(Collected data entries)
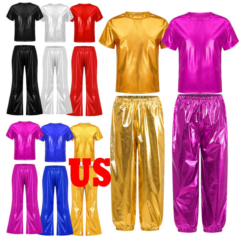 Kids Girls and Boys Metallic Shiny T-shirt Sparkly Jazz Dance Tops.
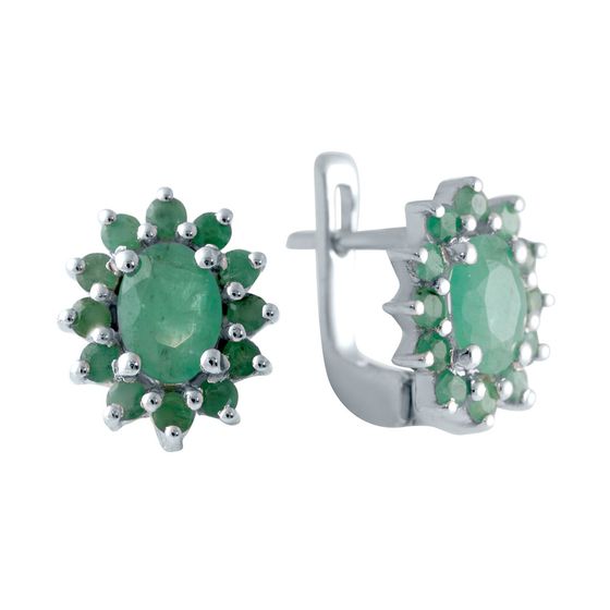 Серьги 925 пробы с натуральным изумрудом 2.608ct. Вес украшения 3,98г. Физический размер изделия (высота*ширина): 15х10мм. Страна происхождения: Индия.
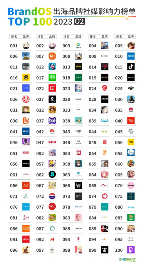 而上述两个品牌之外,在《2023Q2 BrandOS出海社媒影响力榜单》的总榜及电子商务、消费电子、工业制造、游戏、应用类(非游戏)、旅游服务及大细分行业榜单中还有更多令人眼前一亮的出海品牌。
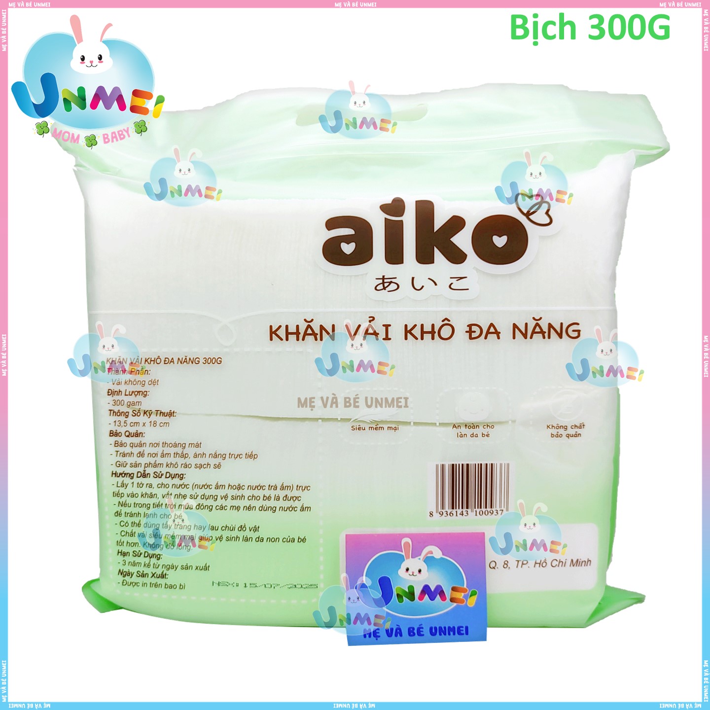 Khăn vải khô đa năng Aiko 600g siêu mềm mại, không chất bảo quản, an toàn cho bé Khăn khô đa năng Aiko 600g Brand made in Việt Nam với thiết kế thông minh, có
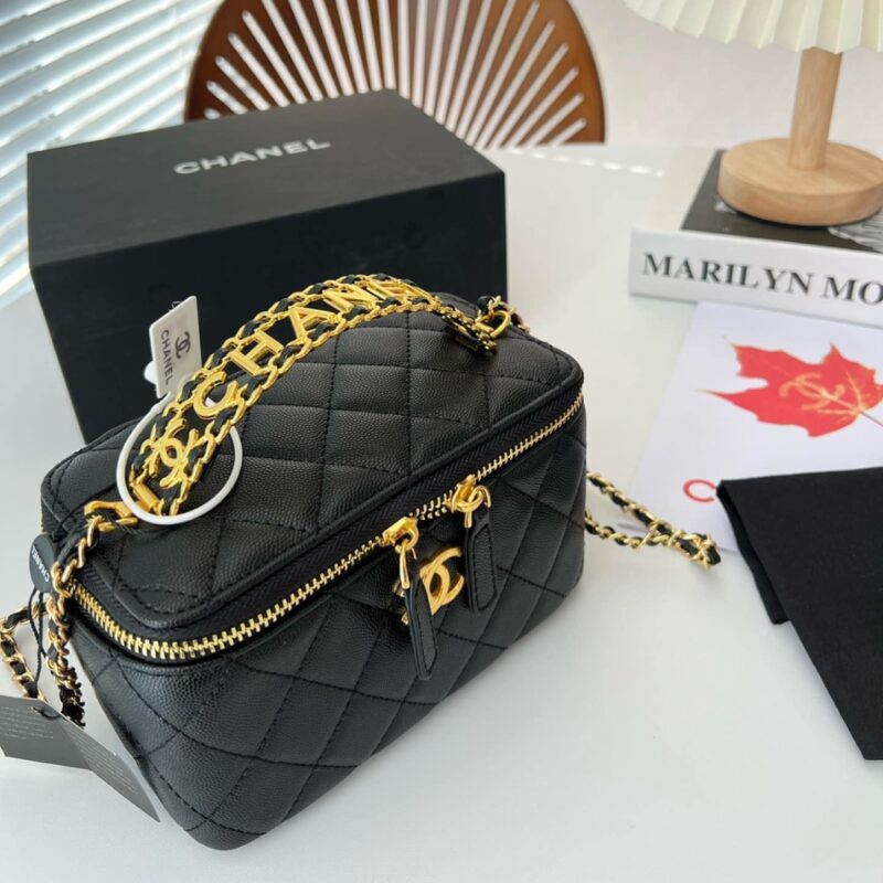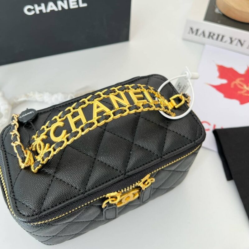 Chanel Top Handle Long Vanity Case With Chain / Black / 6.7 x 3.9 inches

## PROMPT:
Where the line with "Khăn vải khô" appears, begin there and transcribe exactly through the last line of the data, leaving all pictures aside.

## RESPONSE:
 Khăn vải khô đa năng Aiko 600g siêu mềm mại, không chất bảo quản, an toàn cho bé Khăn khô đa năng Aiko 600g Brand made in Việt Nam với thiết kế thông minh, có
 Chanel Top Handle Long Vanity Case With Chain / Black / 6.7 x 3.9 inches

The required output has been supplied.